Working data:
--- START ---

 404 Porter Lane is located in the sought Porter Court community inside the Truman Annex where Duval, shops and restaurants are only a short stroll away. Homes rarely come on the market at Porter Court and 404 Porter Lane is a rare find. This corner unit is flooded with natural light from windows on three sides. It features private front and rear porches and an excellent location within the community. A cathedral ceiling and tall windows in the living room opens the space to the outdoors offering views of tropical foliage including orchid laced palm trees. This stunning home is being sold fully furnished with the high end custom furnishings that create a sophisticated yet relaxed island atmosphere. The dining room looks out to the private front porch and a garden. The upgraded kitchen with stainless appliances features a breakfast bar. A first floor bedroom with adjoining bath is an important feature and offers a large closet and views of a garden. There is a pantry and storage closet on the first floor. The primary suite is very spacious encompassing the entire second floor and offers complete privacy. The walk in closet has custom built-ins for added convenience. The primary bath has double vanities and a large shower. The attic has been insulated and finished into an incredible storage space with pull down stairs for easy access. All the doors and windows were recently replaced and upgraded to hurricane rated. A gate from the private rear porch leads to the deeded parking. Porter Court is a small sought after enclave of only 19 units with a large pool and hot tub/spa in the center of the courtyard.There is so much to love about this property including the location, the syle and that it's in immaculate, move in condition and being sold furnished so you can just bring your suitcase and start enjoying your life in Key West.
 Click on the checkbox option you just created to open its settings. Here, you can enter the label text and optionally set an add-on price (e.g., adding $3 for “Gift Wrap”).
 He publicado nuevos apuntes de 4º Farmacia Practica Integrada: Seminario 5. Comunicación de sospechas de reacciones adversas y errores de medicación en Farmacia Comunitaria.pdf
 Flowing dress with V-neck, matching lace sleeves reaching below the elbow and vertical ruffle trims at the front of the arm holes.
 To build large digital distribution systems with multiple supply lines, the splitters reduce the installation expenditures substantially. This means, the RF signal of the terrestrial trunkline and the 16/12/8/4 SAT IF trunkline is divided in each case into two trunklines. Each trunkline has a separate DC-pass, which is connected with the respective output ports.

--- END ---
--- START ---

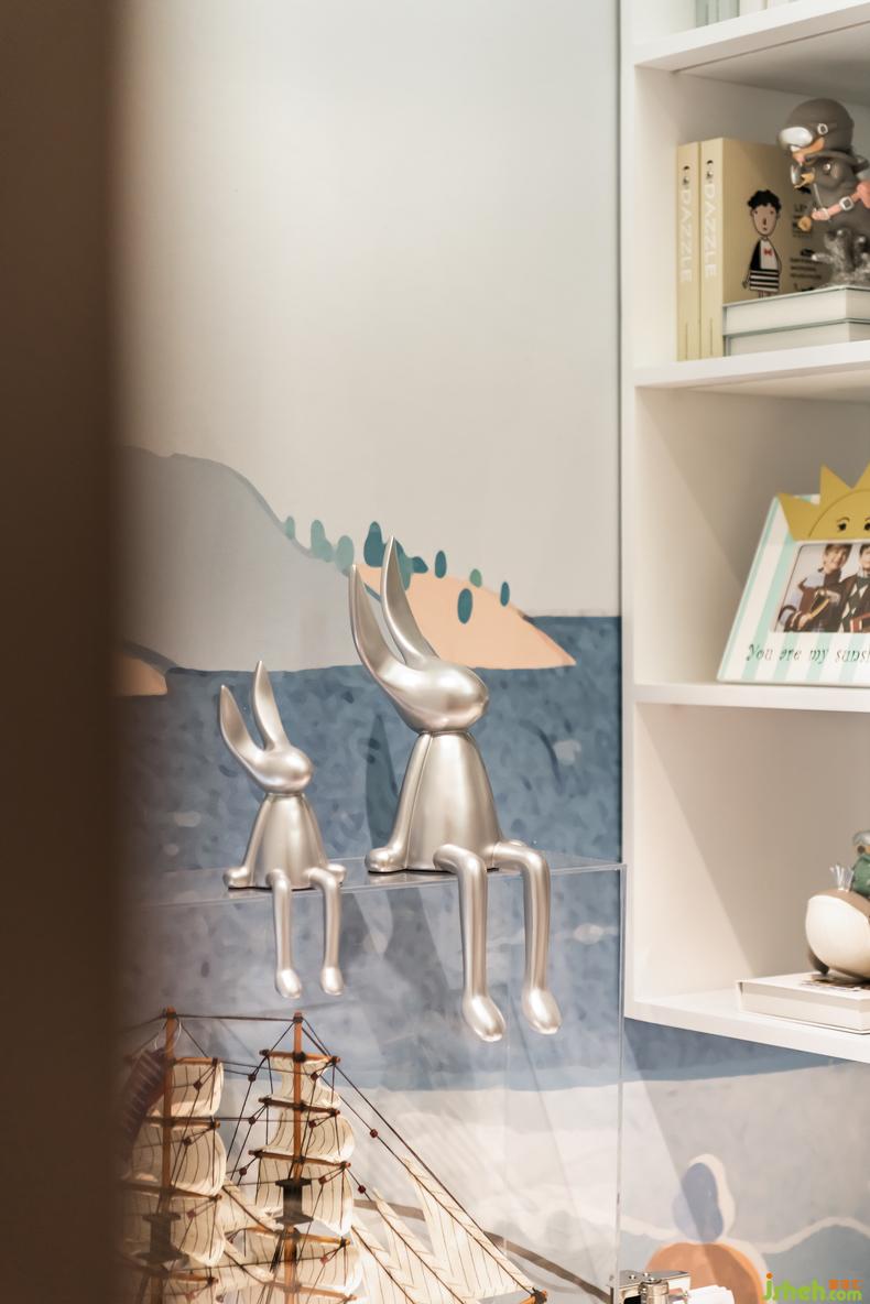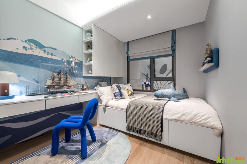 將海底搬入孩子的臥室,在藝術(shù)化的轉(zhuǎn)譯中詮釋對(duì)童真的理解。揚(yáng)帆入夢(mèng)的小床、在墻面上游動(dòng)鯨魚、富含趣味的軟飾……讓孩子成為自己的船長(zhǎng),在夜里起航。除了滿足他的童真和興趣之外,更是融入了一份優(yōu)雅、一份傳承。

--- END ---

Within the data above, the lines from the one with "Flowing dress with" to the one with "To build large" must be repeated exactly; no other line belongs in the answer.

Answer to the problem:
 Flowing dress with V-neck, matching lace sleeves reaching below the elbow and vertical ruffle trims at the front of the arm holes.
 To build large digital distribution systems with multiple supply lines, the splitters reduce the installation expenditures substantially. This means, the RF signal of the terrestrial trunkline and the 16/12/8/4 SAT IF trunkline is divided in each case into two trunklines. Each trunkline has a separate DC-pass, which is connected with the respective output ports.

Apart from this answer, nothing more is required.